La Haute juridiction en a toutefois décidé autrement puisqu’à la faveur de l’extinction de l’instance originelle, elle a considéré, le 6 octobre dernier, qu’il n’y avait pas lieu à avis[2].

 

Si cette position fait preuve de bon sens à l’échelle de l’action originelle, elle n’en reste pas moins surprenante puisqu’aucun fondement juridique n’impose le dessaisissement de la Cour à la suite de l’extinction de l’instance initiatrice de la saisine pour avis.

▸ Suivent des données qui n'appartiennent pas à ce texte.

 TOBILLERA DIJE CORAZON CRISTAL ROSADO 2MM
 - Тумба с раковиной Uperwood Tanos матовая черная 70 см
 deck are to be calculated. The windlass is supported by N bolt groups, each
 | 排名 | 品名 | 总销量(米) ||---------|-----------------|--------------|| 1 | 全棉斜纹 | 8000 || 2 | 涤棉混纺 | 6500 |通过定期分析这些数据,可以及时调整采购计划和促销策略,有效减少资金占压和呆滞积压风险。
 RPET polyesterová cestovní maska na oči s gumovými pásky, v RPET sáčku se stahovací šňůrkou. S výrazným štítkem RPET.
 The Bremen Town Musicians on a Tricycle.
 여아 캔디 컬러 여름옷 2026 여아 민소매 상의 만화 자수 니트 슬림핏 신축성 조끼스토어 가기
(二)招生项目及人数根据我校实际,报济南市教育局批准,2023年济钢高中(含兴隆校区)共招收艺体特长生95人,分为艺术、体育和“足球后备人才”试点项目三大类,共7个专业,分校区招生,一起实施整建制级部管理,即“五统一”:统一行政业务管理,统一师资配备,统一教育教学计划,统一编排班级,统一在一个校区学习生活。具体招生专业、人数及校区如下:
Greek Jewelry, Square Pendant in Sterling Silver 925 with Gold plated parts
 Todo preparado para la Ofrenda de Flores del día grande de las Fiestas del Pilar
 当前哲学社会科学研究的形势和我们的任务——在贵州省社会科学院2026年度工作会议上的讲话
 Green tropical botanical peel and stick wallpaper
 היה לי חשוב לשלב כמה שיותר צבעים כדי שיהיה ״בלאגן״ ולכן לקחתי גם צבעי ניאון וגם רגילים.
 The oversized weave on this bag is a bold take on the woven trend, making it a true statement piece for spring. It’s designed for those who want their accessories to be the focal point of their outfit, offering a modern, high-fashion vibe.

Les trois questions formulées par le tribunal judiciaire de Chartres présentaient d’ailleurs tous les critères de recevabilité exigés par les articles L. 441-1 du code de l’organisation judiciaire et 1031-1 du code de procédure civile.

 

Alors que l’intérêt de saisir pour avis la Cour de cassation est de réduire les ambiguïtés juridiques, la Haute juridiction s’est volontairement abstenue d’aiguiller les juges du fonds sur les moyens juridiques recevables en la matière et n’a pas su ou voulu répondre à l’urgence de la situation.

 

La question du sort du bail commercial et de l’exigibilité des loyers pendant les périodes d’interdiction de réception du public reste donc en suspens alors que la situation sanitaire et ses enjeux économiques justifiaient pourtant qu’il soit mis fin à l’incertitude jurisprudentielle actuelle.

 

 

 

[1] P. JACQUOT, J. MARTINEZ, Les loyers Covid (MAJ n°4), Cabinet Fidal,12 octobre 2021

[2]  Avis du 6 octobre 2021, n°K 21-70.013

 

 

Pour toute information, contactez Aurélie Pouliguen-Mandrin (pouliguen@pechenard.com)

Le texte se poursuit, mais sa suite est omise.